EXCERPTED RECORDS:
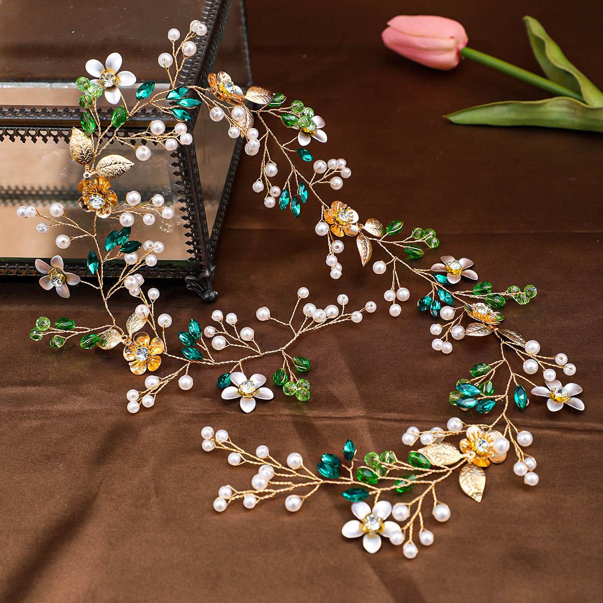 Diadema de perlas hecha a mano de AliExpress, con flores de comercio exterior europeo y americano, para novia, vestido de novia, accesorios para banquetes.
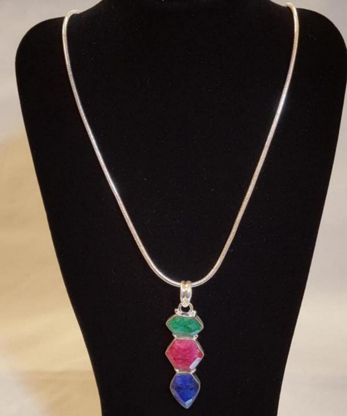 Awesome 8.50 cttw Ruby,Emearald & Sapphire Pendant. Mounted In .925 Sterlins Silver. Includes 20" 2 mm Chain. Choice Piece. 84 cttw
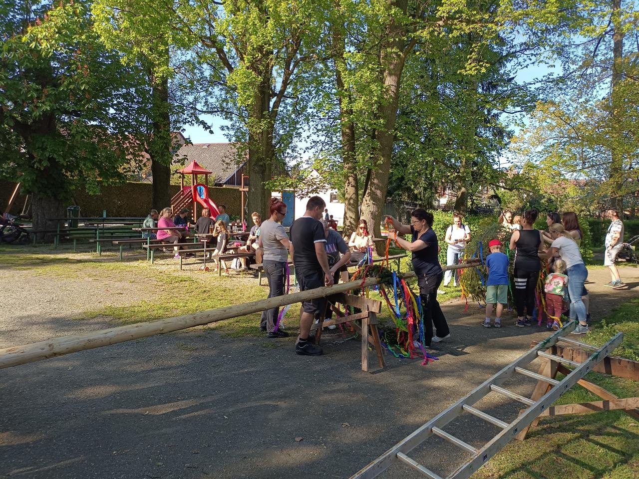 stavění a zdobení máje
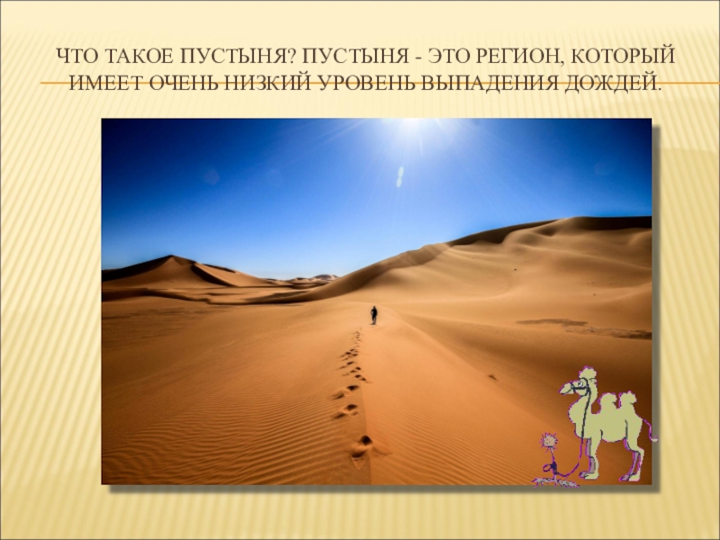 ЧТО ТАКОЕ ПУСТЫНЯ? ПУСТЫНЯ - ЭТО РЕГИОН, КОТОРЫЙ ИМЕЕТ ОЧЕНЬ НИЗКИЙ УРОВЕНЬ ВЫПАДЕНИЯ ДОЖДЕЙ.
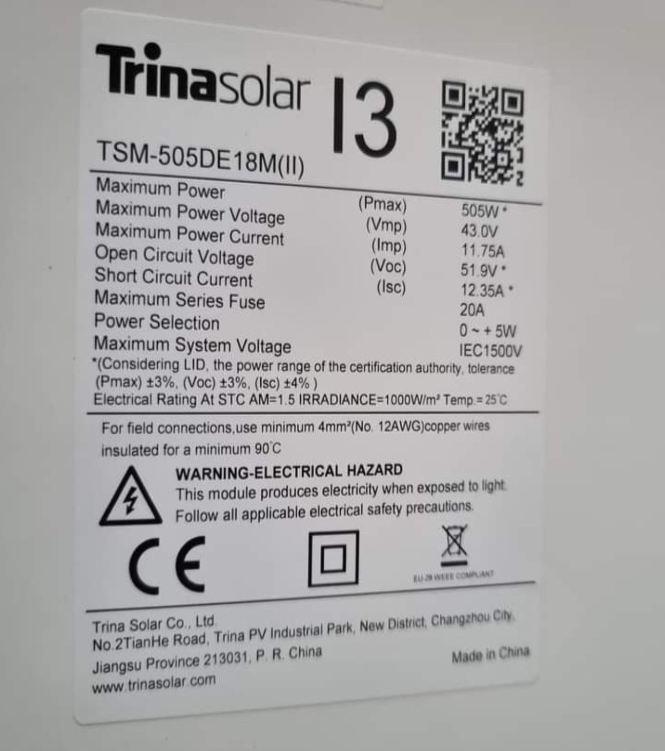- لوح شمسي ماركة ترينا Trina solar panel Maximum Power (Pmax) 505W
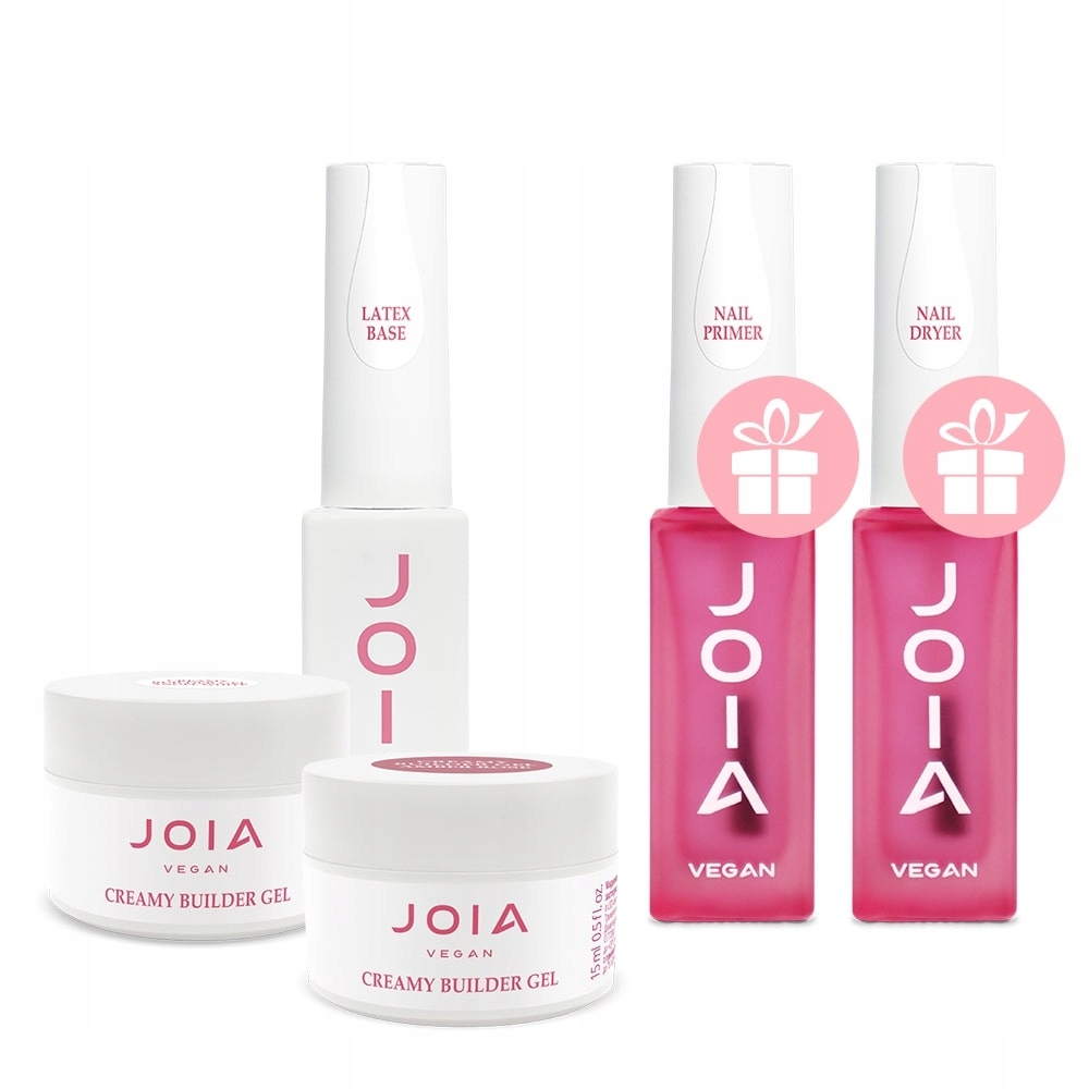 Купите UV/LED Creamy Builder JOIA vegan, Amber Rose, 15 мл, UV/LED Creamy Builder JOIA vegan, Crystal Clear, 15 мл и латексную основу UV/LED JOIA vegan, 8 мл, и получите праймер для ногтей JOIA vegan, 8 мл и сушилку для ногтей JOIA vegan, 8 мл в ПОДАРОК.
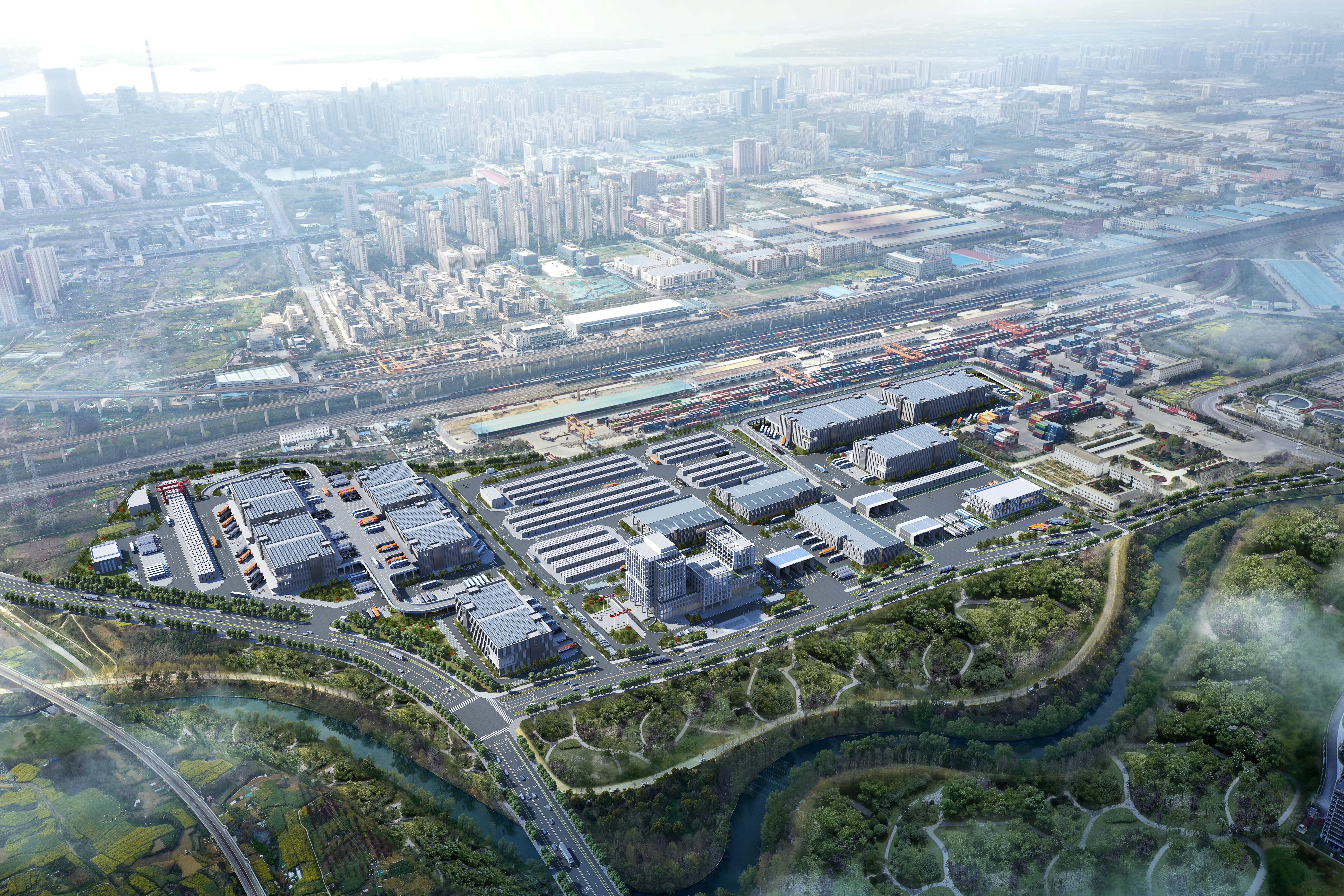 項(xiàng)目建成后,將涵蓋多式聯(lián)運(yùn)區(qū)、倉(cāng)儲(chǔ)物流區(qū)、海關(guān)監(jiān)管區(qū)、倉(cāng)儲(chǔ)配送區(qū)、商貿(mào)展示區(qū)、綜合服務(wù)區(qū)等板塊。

PROBLEM TO WORK ON:
Output the entries above exactly. Do not include the pictures.

ANSWER:
 Diadema de perlas hecha a mano de AliExpress, con flores de comercio exterior europeo y americano, para novia, vestido de novia, accesorios para banquetes.
 Awesome 8.50 cttw Ruby,Emearald & Sapphire Pendant. Mounted In .925 Sterlins Silver. Includes 20" 2 mm Chain. Choice Piece. 84 cttw
 stavění a zdobení máje
 ЧТО ТАКОЕ ПУСТЫНЯ? ПУСТЫНЯ - ЭТО РЕГИОН, КОТОРЫЙ ИМЕЕТ ОЧЕНЬ НИЗКИЙ УРОВЕНЬ ВЫПАДЕНИЯ ДОЖДЕЙ.
- لوح شمسي ماركة ترينا Trina solar panel Maximum Power (Pmax) 505W
 Купите UV/LED Creamy Builder JOIA vegan, Amber Rose, 15 мл, UV/LED Creamy Builder JOIA vegan, Crystal Clear, 15 мл и латексную основу UV/LED JOIA vegan, 8 мл, и получите праймер для ногтей JOIA vegan, 8 мл и сушилку для ногтей JOIA vegan, 8 мл в ПОДАРОК.
 項(xiàng)目建成后,將涵蓋多式聯(lián)運(yùn)區(qū)、倉(cāng)儲(chǔ)物流區(qū)、海關(guān)監(jiān)管區(qū)、倉(cāng)儲(chǔ)配送區(qū)、商貿(mào)展示區(qū)、綜合服務(wù)區(qū)等板塊。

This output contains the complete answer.